Classify Drum audio samples through the use of Artifical Intelligence / Machine Learning.
The Drum Audio Classifier, uses a Convolutional Neural Network to predict the most likely drum type of a audio file. The dataset used to create this model was 2,700+ of my freelance music production audio samples.
The advatange of a CNN model for audio classification is that the model works with spacial transformations and when dimensional data is offset. This means the shape of the audio data over time and frequency is modelled, not the exact locations. If a "Kick Drum" audio sample is higher pitches than the modelled samples, it will still register as a Kick Drum. If a "Snare Drum" sample doesn't strike until 2-3 seconds in, it will still register as a Snare Drum.
A streamlit demo is available on Huggingface Spaces. You may test your own drum samples, or use the samples provided on streamlit.
Dependencies: Python 3.10, matplotlib 3.7.0, pandas 1.5.3, librosa 0.10.0, sklearn 0.0, numpy 1.23.5, tensorflow 2.10.0, IPython 8.10.0
I would suggest using Jupyter Notebooks and following the Cloud Demo Steps.
- The saved model only classifies: Kick Drum, Snare Drum, Closed Hat Cymbal, Open Hat Cymabl and Clap Drum sample.
- The saved model has a Validation Loss of 5.00+. This implies overfitting and that the saved model is "memorizing" patterns. In practice I did not see problems with classifying samples; however, you mileage may vary.
The raw dataset is directly from H3 Music Corp, consisting of 2,746 drum audio samples with a CSV File associating the file with a drum type classification. These files were provided and maintained in Uncompressed WAV file formats. The reasoning for this is for development and post-development it is easier for users and developers to verify and interact with audio files rather than arrays. If a developer needs to verify the type of drum sample, they can just listen to it, removing a lot of hassle. The raw Uncompressed WAV Files are available in the dataset/samples folder. The CSV File to associate types is available in the dataset folder, titled “samples_metadata.csv”. The "drum_prediction.ipynb" file converts the WAV files into arrays of Amplification at Pitches (0 - 128) over Time.

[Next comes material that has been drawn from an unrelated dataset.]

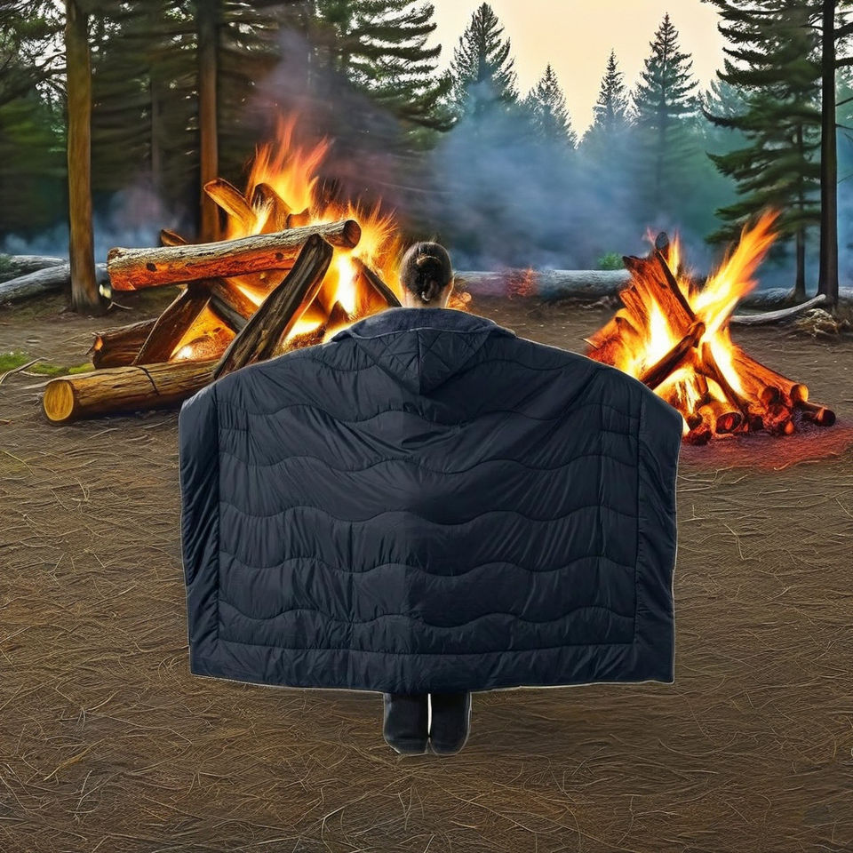 Chaqueta de Invierno Impermeable y Cortavientos de Tejido Softshell con Cremallera y Estampado, Manta Portátil para Exteriores para Camping y Senderismo

It is important to note that CNNs are intended to use image data not audio data. To remedy this audio amplification data has to be duplicatd across all 3 color channels (rgb). This makes the CNN "think" it is looking at a color image. Instead of height and width dimensions, the model uses pitch and time as the dimensions.
Massive thank you to Dr. Papia Nandi and her work on CNNs for Audio Classification.